No matter how many times you walk up and down the aisles of bottles at your local wine shop, there always seems to be a new variety you've never heard of. A large world of wonderful red wines exists beyond the standard Cabernet Sauvignons, Pinot Noirs, and Malbecs, and you're missing out if you don't venture outside of them. But we understand that breaking into wine connoisseur culture can be intimidating, and we're here to help, one wine at a time. 

If you've come across Beaujolais in the reds section and wondered how to pair it, or picked up a bottle and found to your horror that it smells like a candy shop, you're not alone. But don't fear, this red wine varietal is deceptively accessible and easy to enjoy. We've got the answers when it comes to what this wine tastes like, how to enjoy it, and why it has that curious moscato smell. 

Why does Beaujolais smell like bananas?

If you show up to a party with a bottle of Beaujolais, folks may be put off by the super sweet, almost cloying notes that come from this light red wine. Common observations of the smell include bananas and bubblegum.
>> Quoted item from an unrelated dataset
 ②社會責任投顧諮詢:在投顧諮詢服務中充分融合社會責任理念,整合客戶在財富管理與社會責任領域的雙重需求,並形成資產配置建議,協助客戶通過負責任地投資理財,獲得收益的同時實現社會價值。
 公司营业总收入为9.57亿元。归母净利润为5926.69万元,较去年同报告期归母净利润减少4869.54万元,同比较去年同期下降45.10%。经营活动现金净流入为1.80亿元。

But in the case of Beaujolais, the taste does not match up with the scent, and this delicate variety is nowhere near a dessert wine.  

According to Wine Folly, Beaujolais has primarily sweet notes of raspberry, tart cherry, and cranberry, but it also has more savory undertones like mushroom, forest floor, and smoke, so the ultra-sweet smell may be a shock to the system. It's due to a unique winemaking process called carbonic maceration (via Vine Pair). This technique is used on light red wines to emphasize the fruitiness of the grape and reduce tannins, which can result in a powerfully saccharine smell, but can still produce a highly drinkable, well-rounded tasting wine. 
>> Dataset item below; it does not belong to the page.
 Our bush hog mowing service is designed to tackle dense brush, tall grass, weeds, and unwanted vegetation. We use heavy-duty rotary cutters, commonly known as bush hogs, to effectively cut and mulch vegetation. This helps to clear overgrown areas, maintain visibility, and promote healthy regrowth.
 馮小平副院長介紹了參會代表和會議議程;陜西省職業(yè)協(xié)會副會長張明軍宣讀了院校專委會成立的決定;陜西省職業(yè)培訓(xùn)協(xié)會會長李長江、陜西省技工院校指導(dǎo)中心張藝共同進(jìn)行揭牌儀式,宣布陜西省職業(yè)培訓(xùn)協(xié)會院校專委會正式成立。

What does Beaujolais pair with?

If you're looking for another, more mainstream wine to compare Beaujolais to, Pinot Noir is a close comparison, says The Gourmet Shop. Pinot Noirs are known for their deeply earthy yet fruity flavors. Wine Enthusiast observes that Pinot Noirs have notes of cherry, raspberry, mushroom, and forest floor. Sound familiar? Similar notes are found in the Beaujolais. So if your go-to is a Pinot Noir or other light bodied red and you're looking to branch out, the Beaujolais is a great choice. 

Thanks to its uniquely fruity yet earthy taste, Beaujolais is very easy to pair with food. Matching Food and Wine recommends sipping it with patés, brie, ham, turkey, fish, duck, and vegetarian dishes. If that seems like a lot of variety, it's because it is. So when in doubt for picking a wine for your next dinner party, consider a bottle of Beaujolais, no matter what is on the menu.